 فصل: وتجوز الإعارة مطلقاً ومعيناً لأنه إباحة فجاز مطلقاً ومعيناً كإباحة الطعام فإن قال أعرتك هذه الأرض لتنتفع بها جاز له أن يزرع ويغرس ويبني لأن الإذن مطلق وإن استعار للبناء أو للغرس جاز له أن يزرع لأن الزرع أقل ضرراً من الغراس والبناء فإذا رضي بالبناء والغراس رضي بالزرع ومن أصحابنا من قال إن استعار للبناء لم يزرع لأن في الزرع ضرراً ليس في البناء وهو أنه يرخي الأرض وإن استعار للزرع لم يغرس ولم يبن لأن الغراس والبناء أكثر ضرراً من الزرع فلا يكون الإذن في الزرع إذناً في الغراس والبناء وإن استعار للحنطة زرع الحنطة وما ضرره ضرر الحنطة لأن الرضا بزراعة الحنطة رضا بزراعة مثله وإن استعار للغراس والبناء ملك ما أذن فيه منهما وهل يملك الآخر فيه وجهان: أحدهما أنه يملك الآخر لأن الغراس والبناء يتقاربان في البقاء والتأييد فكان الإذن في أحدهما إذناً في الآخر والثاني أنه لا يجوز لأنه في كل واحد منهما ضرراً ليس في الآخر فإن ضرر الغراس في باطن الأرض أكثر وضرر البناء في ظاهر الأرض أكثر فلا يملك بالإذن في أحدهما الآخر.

* * *

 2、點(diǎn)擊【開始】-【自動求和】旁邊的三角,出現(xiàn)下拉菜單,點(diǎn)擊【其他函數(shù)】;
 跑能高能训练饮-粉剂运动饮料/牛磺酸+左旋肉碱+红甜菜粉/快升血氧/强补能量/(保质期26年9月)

==

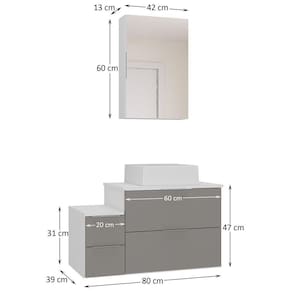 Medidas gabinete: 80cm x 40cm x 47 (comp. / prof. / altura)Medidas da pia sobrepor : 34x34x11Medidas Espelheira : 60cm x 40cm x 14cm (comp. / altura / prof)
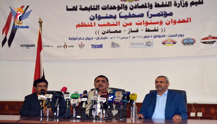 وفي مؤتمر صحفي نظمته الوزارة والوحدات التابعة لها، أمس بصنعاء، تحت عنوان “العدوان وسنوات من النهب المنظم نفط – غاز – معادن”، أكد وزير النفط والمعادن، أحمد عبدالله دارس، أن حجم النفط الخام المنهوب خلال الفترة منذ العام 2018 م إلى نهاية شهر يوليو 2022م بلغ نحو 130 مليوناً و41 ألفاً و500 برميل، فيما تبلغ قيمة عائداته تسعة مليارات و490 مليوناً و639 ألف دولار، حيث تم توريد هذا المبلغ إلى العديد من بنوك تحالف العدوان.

# REQUIRED WORK:
What is needed is an exact copy of the lines above, from the one holding "Medidas gabinete: 80cm" down to the one holding "وفي مؤتمر صحفي", with those two included and the pictures left out.

# OUTPUT OF THE TASK:
 Medidas gabinete: 80cm x 40cm x 47 (comp. / prof. / altura)Medidas da pia sobrepor : 34x34x11Medidas Espelheira : 60cm x 40cm x 14cm (comp. / altura / prof)
 وفي مؤتمر صحفي نظمته الوزارة والوحدات التابعة لها، أمس بصنعاء، تحت عنوان “العدوان وسنوات من النهب المنظم نفط – غاز – معادن”، أكد وزير النفط والمعادن، أحمد عبدالله دارس، أن حجم النفط الخام المنهوب خلال الفترة منذ العام 2018 م إلى نهاية شهر يوليو 2022م بلغ نحو 130 مليوناً و41 ألفاً و500 برميل، فيما تبلغ قيمة عائداته تسعة مليارات و490 مليوناً و639 ألف دولار، حيث تم توريد هذا المبلغ إلى العديد من بنوك تحالف العدوان.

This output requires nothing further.